ACROPHOBIA
Yasinta, bukan nama sebenarnya setiap melihat pohon kelapa yang tinggi selalu kaget, gemetaran dengan nafas tersengal-sengal. Wajahnya akan berkeringat dan matanya segera memerah seperti orang menangis. Setiap melihat pohon kelapa, dia selalu teringat akan ayah tercinta yang terjatuh dari pohon kelapa di kebun mereka. Selain itu, kalau ke kampung kakek dan neneknya, dia tidak berani naik ke lumbung jika diminta untuk mengambil pisang atau jagung. Dia merasa ngeri jika harus menaiki tangga bambu yang sudah dikasih pijakan untuk naik atau turun.Â
Apa nama ketakutan (atau bisa kita sebuat sebagai penyakit) yang dialami Yasinta di atas? Kita mengenal ketakutan ini dengan istilah "acrophobia".
Apa Itu Acrophobia?
Acrophobia merupakan istilah untuk menggambarkan ketakutan yang berlebihan terhadap ketinggian. Kata ini berasal dari bahasa Yunani "akron," yang berarti puncak atau ketinggian, dan "phobos," yang berarti ketakutan. Berbeda dengan rasa takut normal saat berada di tempat tinggi, acrophobia adalah ketakutan irasional yang dapat menyebabkan reaksi fisik dan emosional yang intens, bahkan ketika tidak ada ancaman nyata.
Apa Penyebab Acrophobia?
Penyebab acrophobia bisa beragam. Salah satu penyebab paling umum adalah pengalaman traumatis terkait ketinggian. Dr. Martin Antony, seorang profesor psikologi di Ryerson University, menyatakan bahwa salah satu penyebab utama acrophobia adalah pengalaman traumatis terkait ketinggian. Misalnya, seseorang yang pernah jatuh dari tempat tinggi atau melihat orang lain terjatuh mungkin mengembangkan ketakutan ini sebagai respons perlindungan.

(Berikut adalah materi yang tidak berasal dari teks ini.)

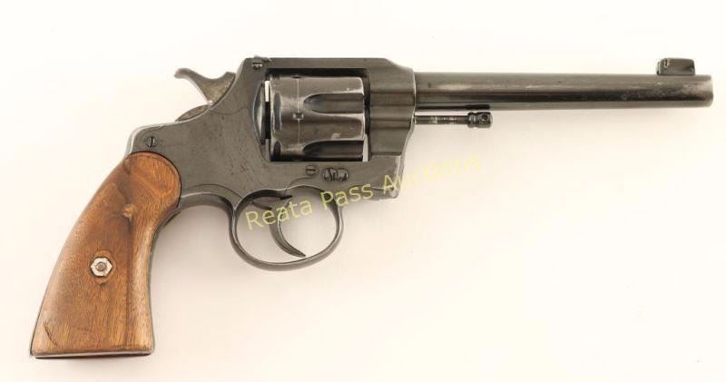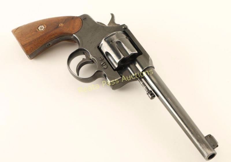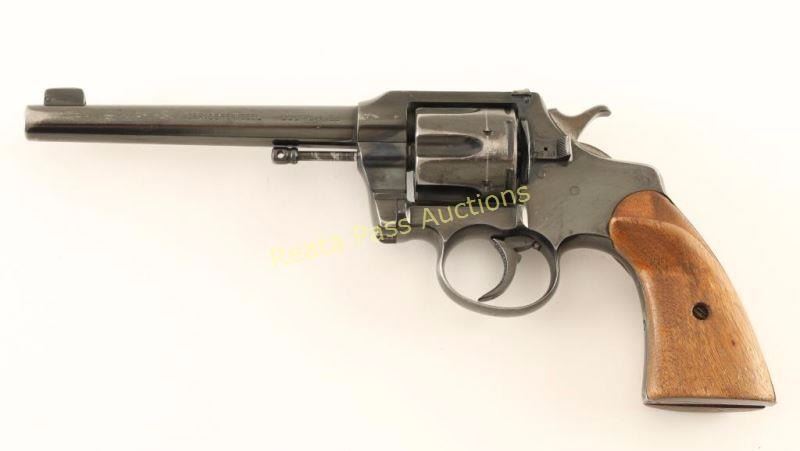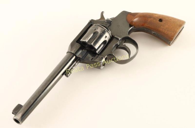 Vintage double action revolver chambered in .38 Special. Features a blued refinish, 6" barrel, pinned blade front sight with elevation adjustment, flat top frame, low-profile drift-adjustable rear sight, fluted six-shot cylinder, non-shrouded ejector rod, checkered trigger, hammer spur & backstrap, and custom two-piece smooth wood grips with thumb rest on the right panel. Stamped "7508" on the crane, yolk & cylinder release latch, also inspector marked with "HHA" stamped on the butt. Revolver exhibits approximately 77% of it blued refinish showing moderate to heavy holster wear, light scattered oxidation on the right side of the barrel & frame, and a small amount of pin prick pitting on the cylinder. Action is mechanically sound, bore appears near excellent with what may be a few minute areas of very light rust, and wood grips are good. Condition is good as refinished. ***C&R Firearm*** ***Modern Firearm***

Ada juga faktor genetik yang berperan; jika ada anggota keluarga yang menderita fobia ini, kemungkinan besar keturunan mereka juga akan mengalami hal yang sama. Selain itu, ketakutan terhadap ketinggian bisa muncul melalui proses pembelajaran atau pengondisian, di mana seseorang mengadopsi ketakutan dari orang-orang di sekitarnya, seperti orang tua atau teman sebaya. Dari sudut pandang evolusi, rasa takut terhadap ketinggian bisa jadi merupakan mekanisme bertahan hidup, yang membantu nenek moyang kita untuk menghindari bahaya jatuh dari tempat tinggi.
Selain itu, acrophobia dapat dipengaruhi oleh faktor genetik. Dr. Isaac Marks, seorang psikiater dari Institute of Psychiatry, Psychology & Neuroscience, London, menjelaskan bahwa beberapa orang mungkin memiliki kecenderungan genetik untuk mengembangkan fobia, termasuk acrophobia. Jika ada anggota keluarga yang memiliki fobia ini, risiko untuk mengalaminya juga meningkat.
Penyebab lainnya adalah pembelajaran sosial. Anak-anak yang melihat orang tua atau figur otoritas lainnya menunjukkan ketakutan terhadap ketinggian dapat mengadopsi ketakutan yang sama. Dari perspektif evolusioner, ketakutan terhadap ketinggian juga dianggap sebagai mekanisme bertahan hidup yang membantu manusia awal menghindari bahaya jatuh dari tempat tinggi.